10. Reasonable prices with no stupid limit on how many transactions you can have, or how many products you can have, before you have to move to a higher paid program. For the lowest program there is a 1.5% transaction fee for each order.

11. Reasonable support over chat and phone. I've tested this several times and had to get bumped to technical support both times. Their "university" is lacking for advanced topics, but they do answer their phones. This is just light years ahead of Woocommerce. With Woocommerce I still don't have answers and Bigcommerce answered my questions in less than 20 minutes.

I will be posting again later once I'm done with my Bigcommerce test. I'm not totally sold yet.

In summary, Woocommerce probably works best for those who want to have a little side shop to accompany their blog. The bloggers who have posted that Woocommerce is a "powerful shopping cart" they are sorely misguided. I suggest sorting out the options that you want, and then check out the dedicated E-commerce sites.


----------



## Ziptac (Jun 25, 2015)

AKSTS said:


> Are you referring to the 50 variation limit?
> 
> If you have 80 variations, I believe if you hit link all variations, it'll link 50 of them, and if you hit it again, it will link the remaining 30.


If you are having uploading issues, you can also easily get around this too by just bulk uploading. I bought the Woothemes bulk uploader (overpriced) and it helped a lot for cutting my time down. I also fixed this through increasing max_vars and increasing memory on my server.

But again, boo on Woocommerce for how it handles variants. I just hated loading trying to load a page to edit a description or something. It would take several minutes to just load the back end.


----------



## okprinter (Sep 6, 2014)

Ziptac said:


> You can easily get around this too by just bulk uploading. I bought the Woothemes bulk uploader (overpriced) and it helped a lot for cutting my time down. I also fixed this through increasing max_vars and increasing memory on my server.
> 
> But again, boo on Woocommerce for how it handles variants.


We were getting decent page load times until we hit some limit...this is what we found online

"The problem is your hosting setup. You need to increase the post_vars in PHP. The newer PHP version limit the variables that can be passed to 1000. This is just not enough. There is also a plugin to help you find the limit that you have at the moment.
Just set max_input_vars in php.ini to 5000, that helped me"

and this

Problems with large amounts of data not saving (variations, rates etc) | WooThemes Documentation

but currently waiting on my web person to increase the post_vars...not sure if he does not know how or what?


----------



## okprinter (Sep 6, 2014)

AKSTS said:


> Are you referring to the 50 variation limit?
> 
> If you have 80 variations, I believe if you hit link all variations, it'll link 50 of them, and if you hit it again, it will link the remaining 30.


thank you...but not that limit...seems to be another limit..the max_input_vars


----------



## lvprinting (Sep 23, 2014)

You can't use junk cheap shared hosting for ecommerce unless you are selling simple single products.
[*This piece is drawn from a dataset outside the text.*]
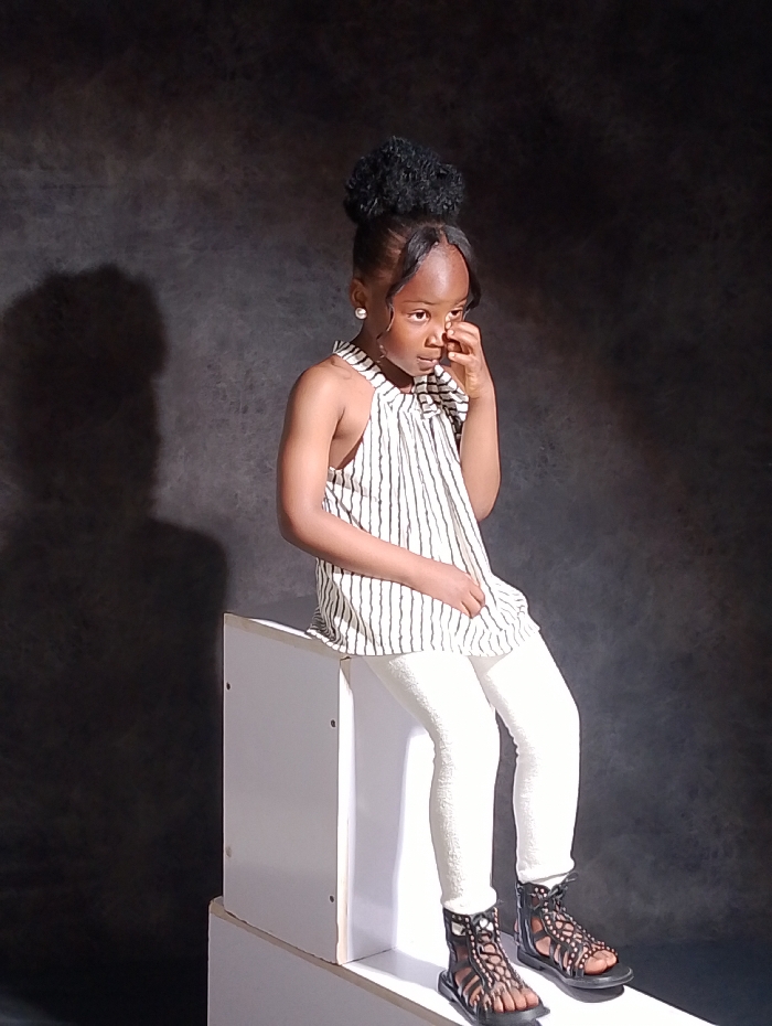 A young female individual of African descent is depicted seated on a white, two-tiered platform in what appears to be a photography studio setting

Sent from my SM-G900T using T-Shirt Forums


----------



## AKSTS (Jun 10, 2015)

Thanks for all of the info Ziptac.

Sort of like you, I resorted to getting the basics of what I want in. When the business grows, I'll reinvest in getting everything I want out of the ecommerce solution.

At this point, we just have drop downs.

For example:

Black t-shirt w/the words "I LOVE HOCKEY".
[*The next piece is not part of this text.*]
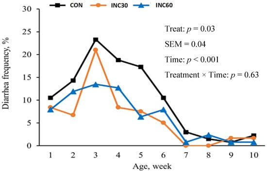 Nevertheless, within the domain of calf health, a substantial disparity in the frequency of diarrhea was conspicuously evident. Specifically, the diarrhea frequency of calves of dams showed a linear decrease as the INC level increased, as illustrated in Figure 1 (10.9% vs. 6.12% vs. 6.08%, p = 0.03). Notably, calf rectal body temperature remained consistent and uniform among all treatment groups during each assessment period.
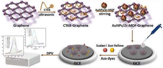 - Sun, R.; Lv, R.; Li, Y.; Du, T.; Chen, L.; Zhang, Y.; Zhang, X.; Zhang, L.; Ma, H.; Sun, H.; et al. Simple and Sensitive Electrochemical Detection of Sunset Yellow and Sudan I in Food Based on AuNPs/Zr-MOF-Graphene. Food Control 2023, 145, 109491. [Google Scholar] [CrossRef]

There's a drop down for gender, size, color, and fit (athletic fit vs. standard fit).

The image displayed as the product does not change when you choose the drop down selections. I would like it to, but then again, that is just sooooo many variants that need to be added for every product and there's just no easy way to make it work perfect/easily. So if you pick a blue shirt, the image shown is still just the black shirt.


----------



## AKSTS (Jun 10, 2015)

nicefile said:


> Hi,
> 
> I love wordpress and woocommerce. It is fast and good with SEO. You can install more plugin.
> 
> ...


It seems to me that you might have an affiliation with the custom product designer you linked there, as you also have the link in your signature.

If so, can you tell me if your software can create a set price for any front design (say $22). And if anything (text or graphic) is put on back then the price would calculate to $26?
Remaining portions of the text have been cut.